Note that you can only deserialize a closed universe of types with your function. With some extra work, you can also deserialize derived types like tuples, maybes and eithers.
But if I were to declare an entirely new type "Gotcha" deriving Typeable and Serialize, deserialAnyNode of course couldn't deal with it without extension.
You need to have some kind of centralised "registry" of deserialization functions so you can dispatch on the actual type (extracted from the Typeable information). If all types you want to deserialize are in the same module this is pretty easy to set up. If they are in multiple modules you need to have one module that has the mapping.
If your collection of types is more dynamic and not easily available at compile time, you can perhaps use the dynamic linking to gain access to the deserializers. For each type that you want to deserialize you export a C callable function with a name derived from the Typeable information (you could use TH to generate these). Then at runtime, when you want to deserialize a type, generate the same name and the use the dynamic linker to get hold of the address of the function and then an FFI wrapper to get a Haskell callable function. This is a rather involved process, but it can be wrapped up in a library. No, sorry, I don't have such a library.
It's hard to tell what you're asking here, exactly. You can certainly pick a particular type T, deserialize a ByteString to it, and store it in an AnyNode. That doesn't do the user of an AnyNode much good, though -- you still picked T, after all. If it wasn't for the Typeable constraint, the user wouldn't even be able to tell what the type is (so let's get rid of the Typeable constraint because it makes things messier). Maybe what you want is a universal instead of an existential.
Let's split Serialize up into two classes -- call them Read and Show -- and simplify them a bit (so e.g. read can't fail).
So we have
class Show a where show :: a -> String
class Read a where read :: String -> a
We can make an existential container for a Show-able value:
data ShowEx where
ShowEx :: forall a. Show a => a -> ShowEx
-- non-GADT: data ShowEx = forall a. Show a => ShowEx a
But of course ShowEx is isomorphic to String, so there isn't a whole lot point to this. But note that an existential for Read is has even less point:
data ReadEx where
ReadEx :: forall a. Read a => a -> ReadEx
-- non-GADT: data ReadEx = forall a. Read a => ReadEx a
When I give you a ReadEx -- i.e. ∃a. Read a *> a -- it means that you have a value of some type, and you don't know what the type is, but you can a String into another value of the same type. But you can't do anything with it! read only produces as, but that doesn't do you any good when you don't know what a is.
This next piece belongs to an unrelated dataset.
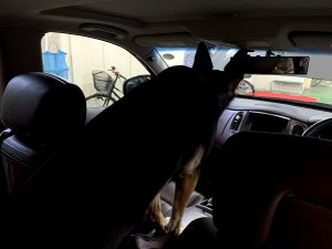 ということで、飼い主実父の車に乗せられてやってきたのは、どうやらスーパーオートバックスの駐車場のようです。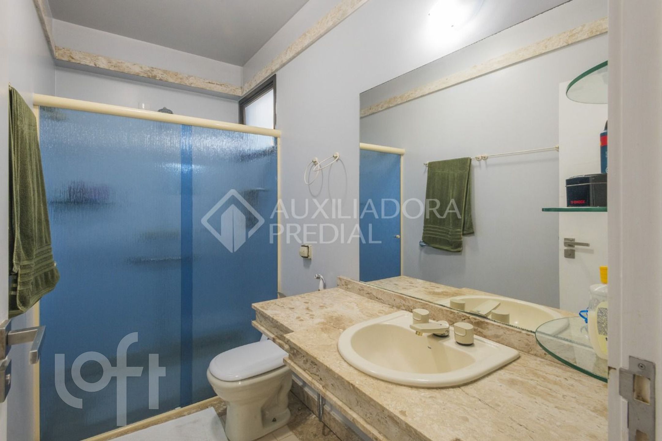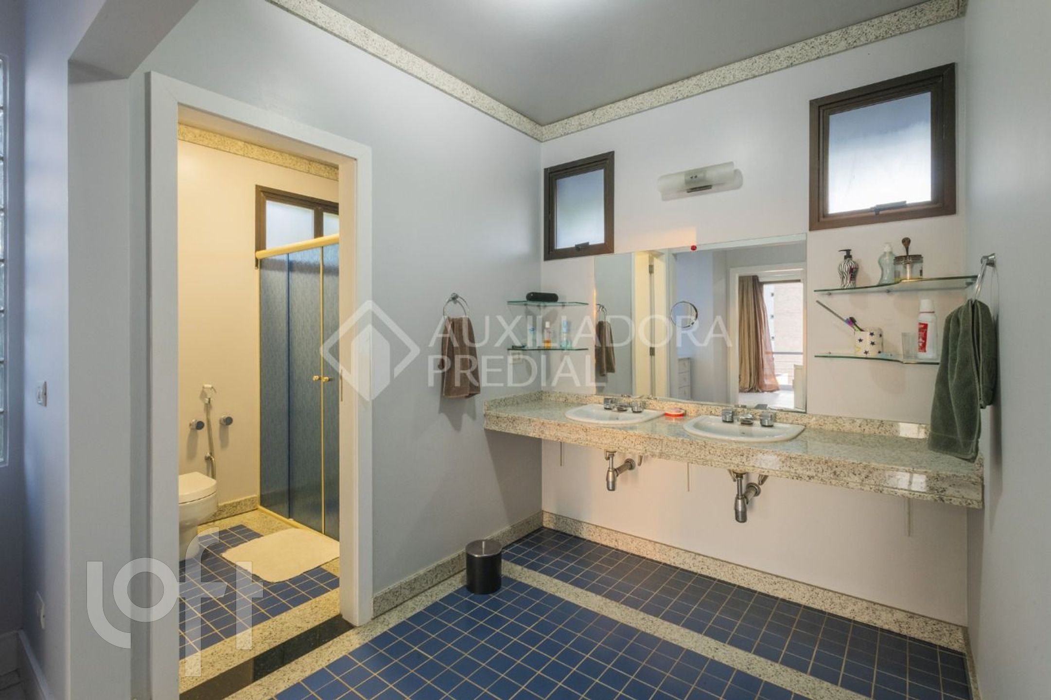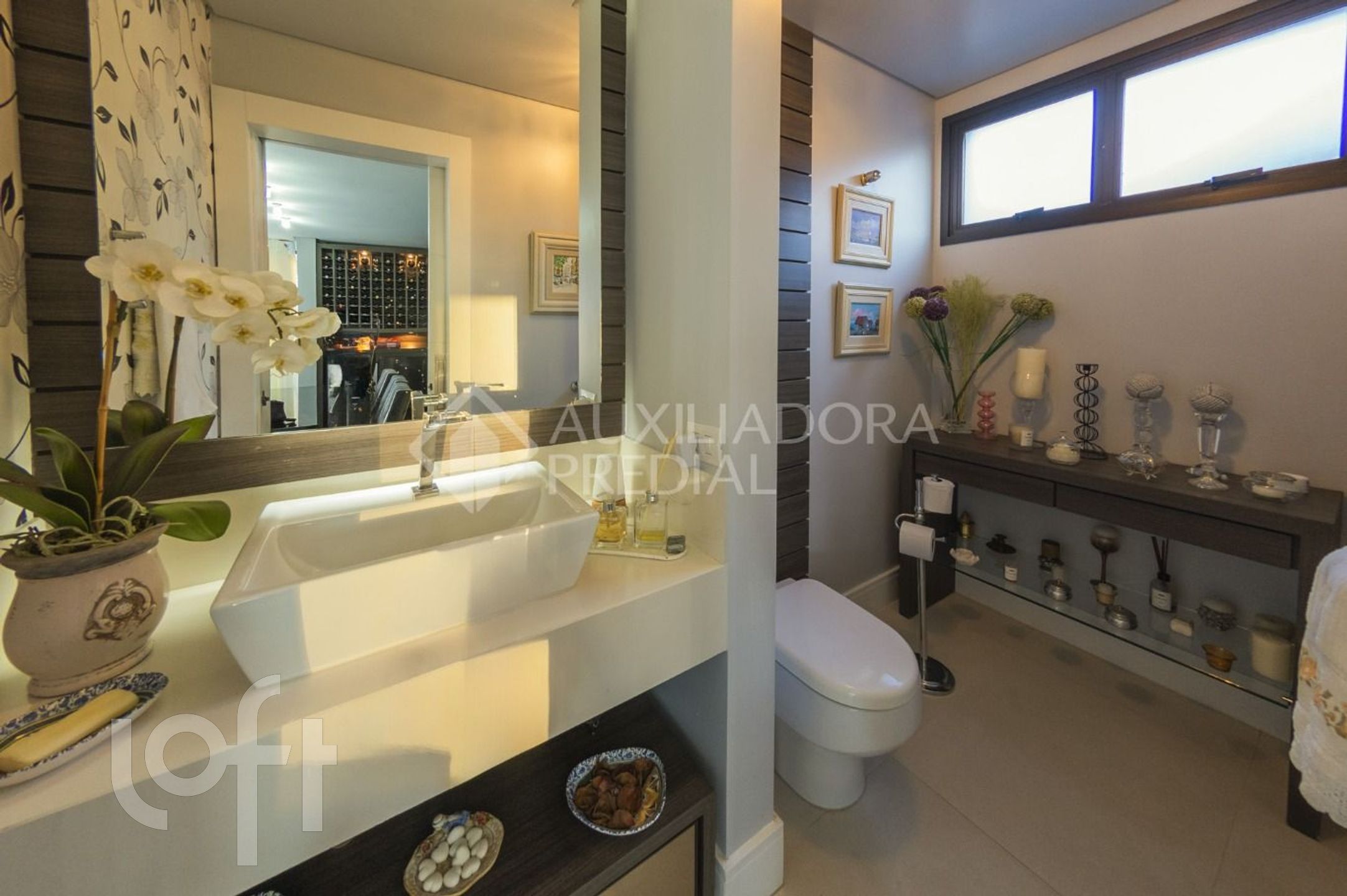 Cozinha com copa integrada e área de serviço com banheiro e dependência.

What you might want with Read would be a type that lets the caller choose -- i.e., a universal. Something like
newtype ReadUn where
ReadUn :: (forall a. Read a => a) -> ReadUn
-- non-GADT: newtype ReadUn = ReadUn (forall a. Read a => a)
(Like ReadEx, you could make ShowUn -- i.e. ∀a. Show a => a -- and it would be just as useless.)
Note that ShowEx is essentially the argument to show -- i.e. show :: (∃a. Show a *> a) -> String -- and ReadUn is essentially the return value of read -- i.e. read :: String -> (∀a. Read a => a).
So what are you asking for, an existential or a universal? You can certainly make something like ∀a. (Show a, Read a) => a or ∃a. (Show a, Read a) *> a, but neither does you much good here. The real issue is the quantifier.
(I asked a question a while ago where I talked about some of this in another context.)